### Dataset content
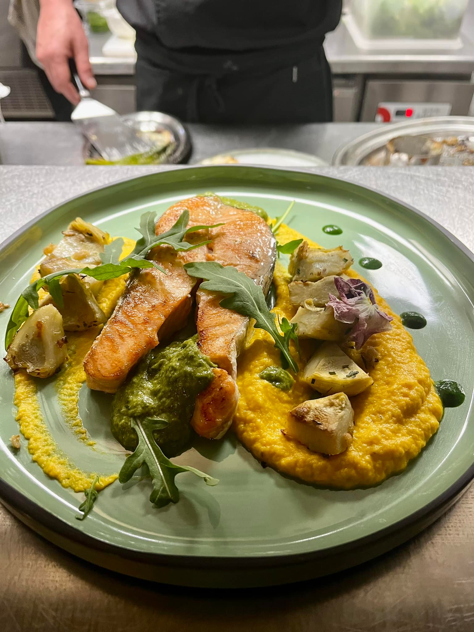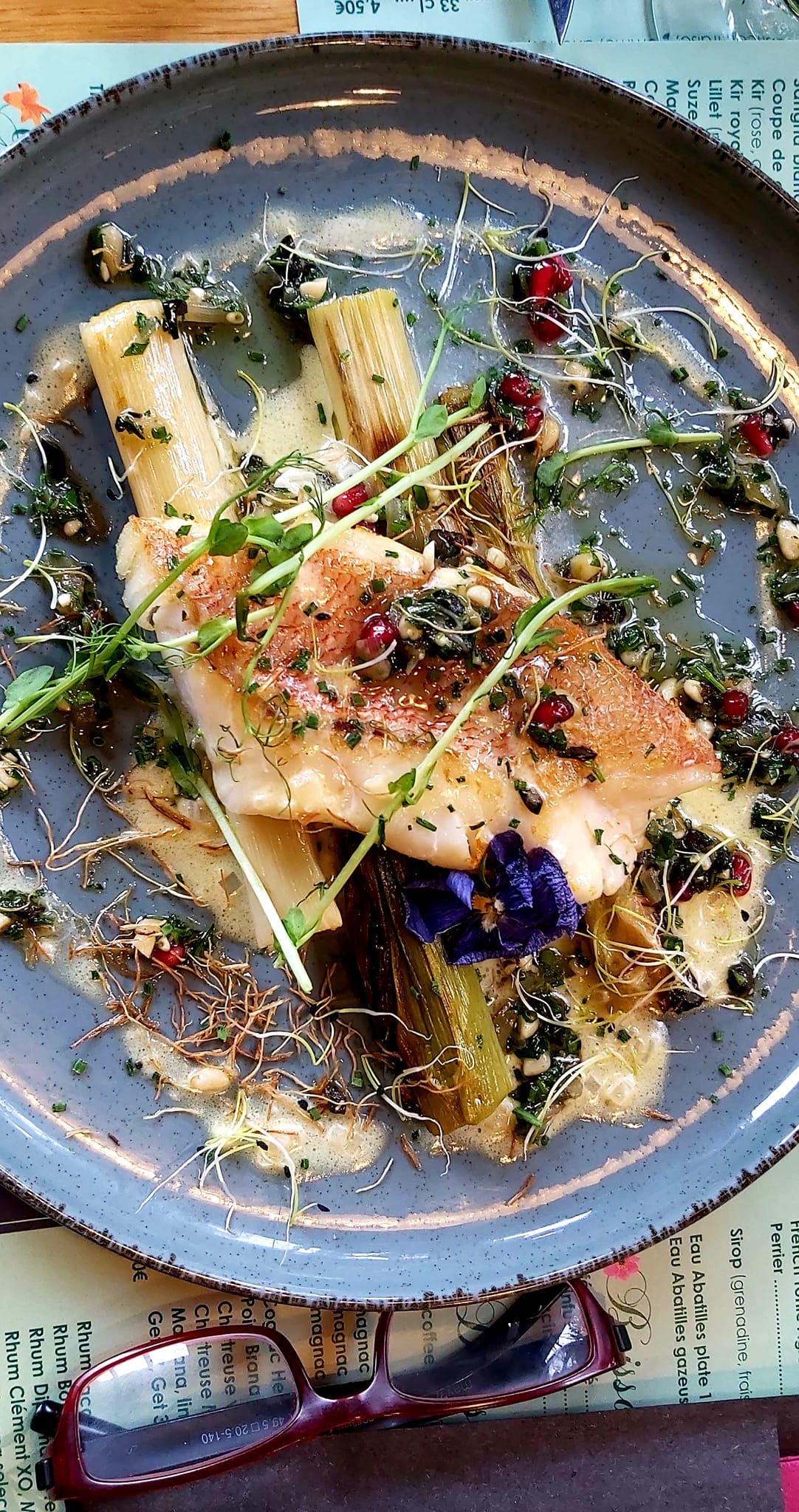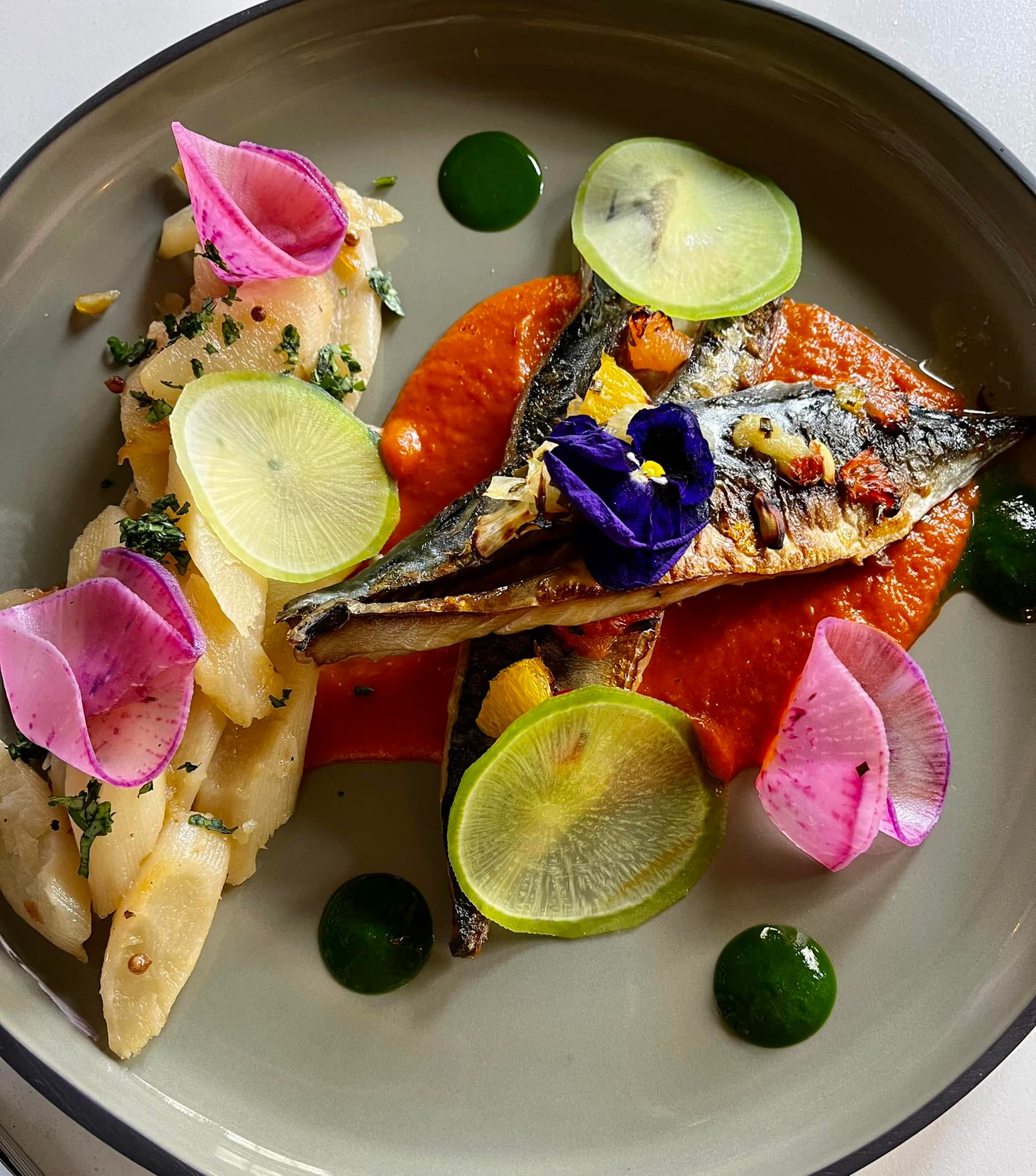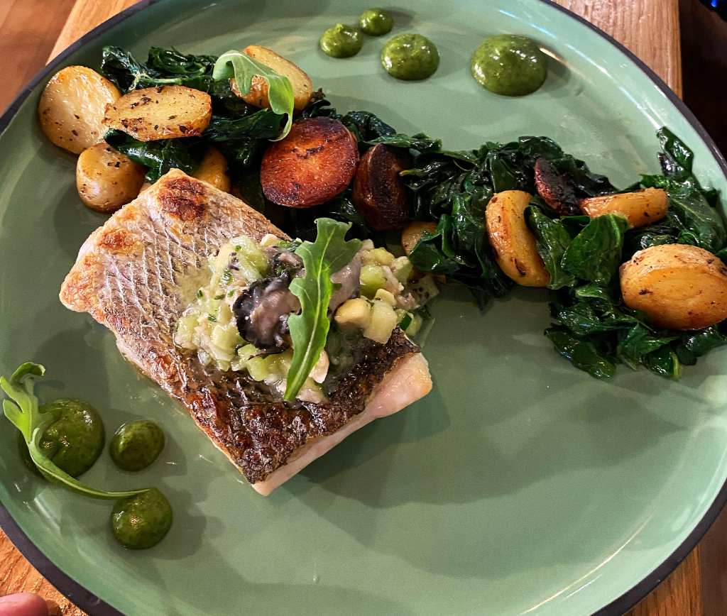 – pave de maigre, crémeux de chou fleur grillé, vinaigrette au gingembre
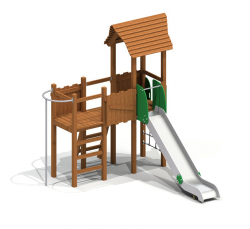 Установка с лестницами, шестом, горкой и сеткой для лазанья частично защищена крышей. Нескользящий пол огорожен. Скат окружен бортами. Стартовый участок оборудован панелями и перекладиной, чтобы ребенок съезжал по нержавеющей поверхности сидя.
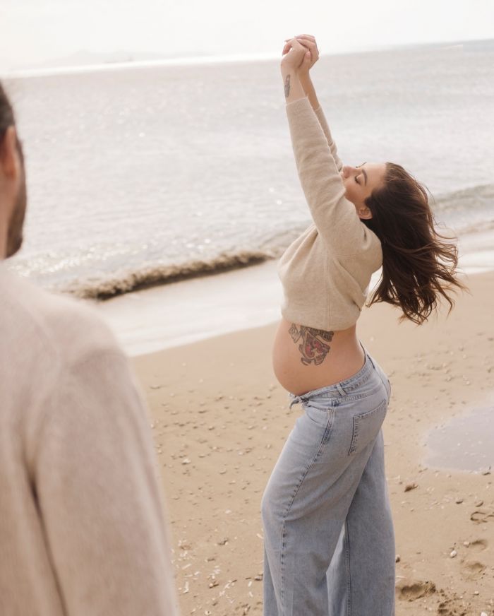 Φορώντας μπεζ πουλόβερ και οι δύο με μπλε τζιν και κάνοντας βόλτα στο μέρος που αγαπούν πολύ, τη θάλασσα, η Ευρυδίκη Βαλαβάνη και ο πρώην ντράμερ και νυν σύμβουλος ψυχικής υγείας πόζαραν αγκαλιά με τη φουσκωμένη της κοιλιά να είναι αυτή που κλέβει την παράσταση.

### Task objective
With the pictures removed, set down every line of the listing above exactly.

### Expected answer
 – pave de maigre, crémeux de chou fleur grillé, vinaigrette au gingembre
 Установка с лестницами, шестом, горкой и сеткой для лазанья частично защищена крышей. Нескользящий пол огорожен. Скат окружен бортами. Стартовый участок оборудован панелями и перекладиной, чтобы ребенок съезжал по нержавеющей поверхности сидя.
 Φορώντας μπεζ πουλόβερ και οι δύο με μπλε τζιν και κάνοντας βόλτα στο μέρος που αγαπούν πολύ, τη θάλασσα, η Ευρυδίκη Βαλαβάνη και ο πρώην ντράμερ και νυν σύμβουλος ψυχικής υγείας πόζαραν αγκαλιά με τη φουσκωμένη της κοιλιά να είναι αυτή που κλέβει την παράσταση.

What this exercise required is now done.